Unsung Sorrel

This week we’re featuring a very special guest blog post from Michelle Parisi, Orchard Gardens Neighborhood Farm Assistant. Michelle grew up in Chicago and taught kindergarten before moving west to test her farming skills. She first sprouted her gardening wings as a volunteer for veggies at River Road Farm for her first four seasons. Now the assistant at Orchard Gardens, she aspires to be outfoxed less often by voles and weeds

At Orchard Gardens a patch of sorrel bolts skyward, red and yellow seeds ripening on on four foot tall stalks.  They are hard to overlook, yet these plants had never been harvested until a very special visitor showed us a delightful way to use their sour, lemony leaves.

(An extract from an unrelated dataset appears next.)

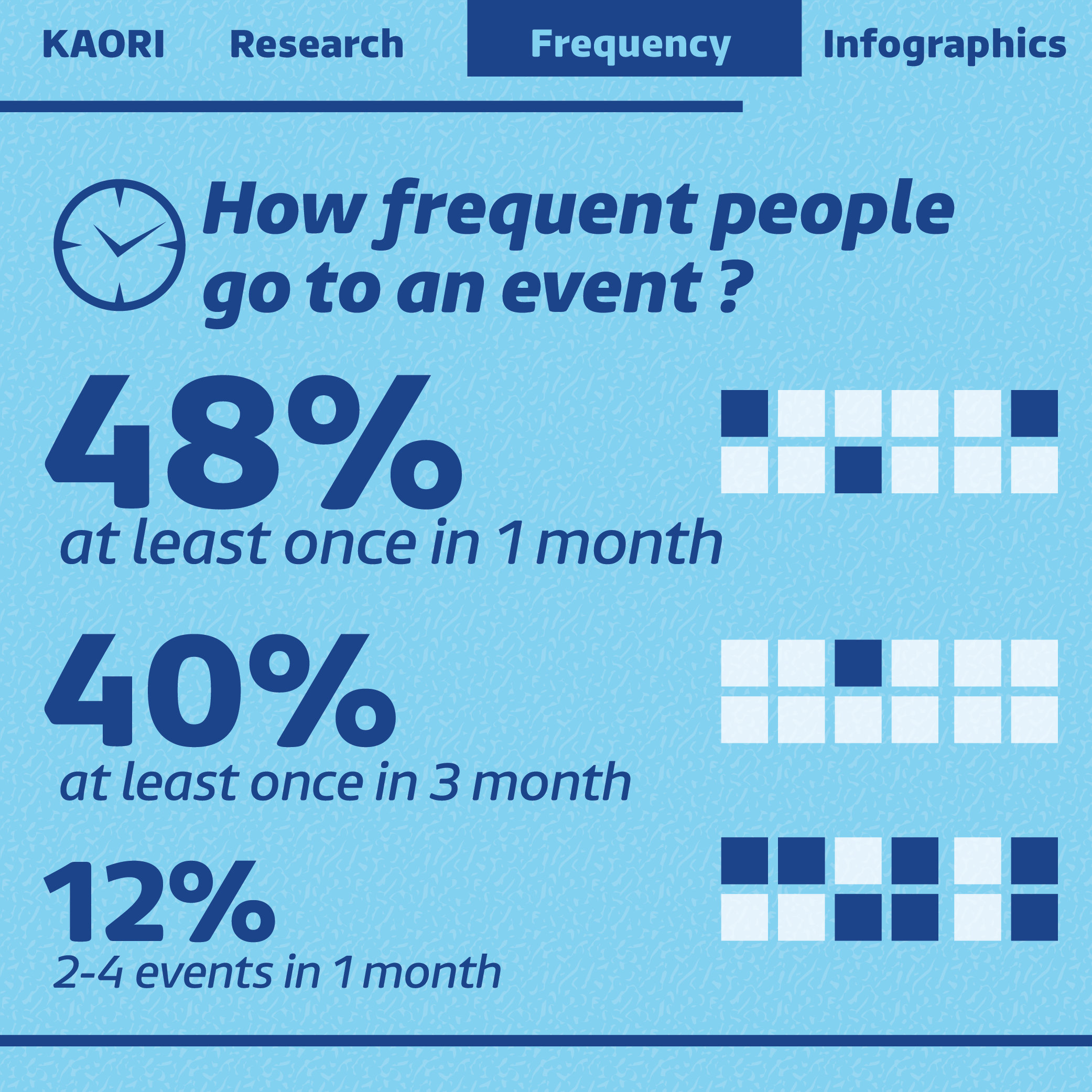 With so many events may be held within a year, people can go to events quite frequently. In my research, 48% of the respondents reported to go to events at least once in a month. 40% others at least once in three months, while 12% may attend 2-4 events in a month. With a variety of events at different places to choose from, how do people determine which events to attend?

Sorrel. Photo by Michelle Parisi

It turns out that sorrel grows semi-wild in many parts of the world.  It was easily and enthusiastically recognized by Mr. Karaman, who was visiting his sons at Orchard Gardens homes.  The Karaman family is Kurdish, and their hometown of Hakkari sits high in the mountains of southeastern Turkey.  Due to ongoing political violence in the region, the family has been forced to flee, leaving behind a beloved home and garden.  As we toured the farm together, Mr. Karaman spotted the sorrel and identified it as the very same plant that grows on the hillsides around Hakkari.  He picked a large bunch, deftly tying it with long blades of grass, and invited us to share the soup he would make with it.  The following is the recipe he passed along to us.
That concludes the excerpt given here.